Today, the Brennan Center, along with more than 70 civil liberties groups and cyber security experts, urged President Obama to veto the Cybersecurity Information Sharing Act (CISA), a cybersecurity sharing bill now before the Senate. The bill would sweep up vast amounts of Americans’ private information which could then be shared with military and intelligence agencies, including the NSA.
Specifically, the bill falls short in several key areas:
- CISA fails to protect users’ personal information. It allows vast amounts of personal data to be shared with the government, even that which is not necessary to identify or respond to a cybersecurity threat.
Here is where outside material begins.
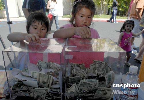 圖:洛杉磯華人小姐妹向四川災(zāi)區(qū)捐錢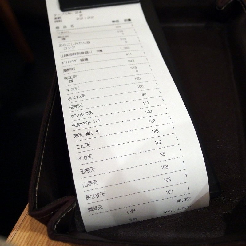 いやあ、さすがにハラパンパンになったなあ(笑)。結構喰ったわ。よう考えたらここ2軒目やもんなあ。熱燗ももう一本 飲んだ。下げてもらうつもりで徳利を渡してんけど、向こうはおかわりと思ったみたい(笑)。なかなかオモロイ展開やった。 魚も天ぷらもこの値段やったらレベル高いわ。お会計はこんなカンジやね。

- Authorizes the use information in investigations unrelated to cybersecurity. CISA authorizes federal, state, and local governments to use cyber threat indicators to investigate crimes that have nothing to do with cybersecurity, such as robbery, arson, and carjacking, as well as identity theft and trade secret violations.
- CISA would give immunity to companies and allow broad information sharing: CISA pre-empts all law and enables companies that operate in the civilian sector to share cyber threat indicators with any agency of the federal government, including the NSA.
- CISA undermines Internet security with “countermeasures”: CISA could undermine Internet security because it authorizes companies to deploy “defensive measures” (also commonly referred to as “countermeasures”), even when the countermeasure would be otherwise illegal under the Computer Fraud and Abuse Act.
“CISA threatens to undermine privacy and civil liberties, and increase cyber-surveillance,” the groups said in a letter. “We strongly oppose CISA and we urge [President Obama] to again defend privacy and civil liberties by voicing opposition and [his] intention to veto it.”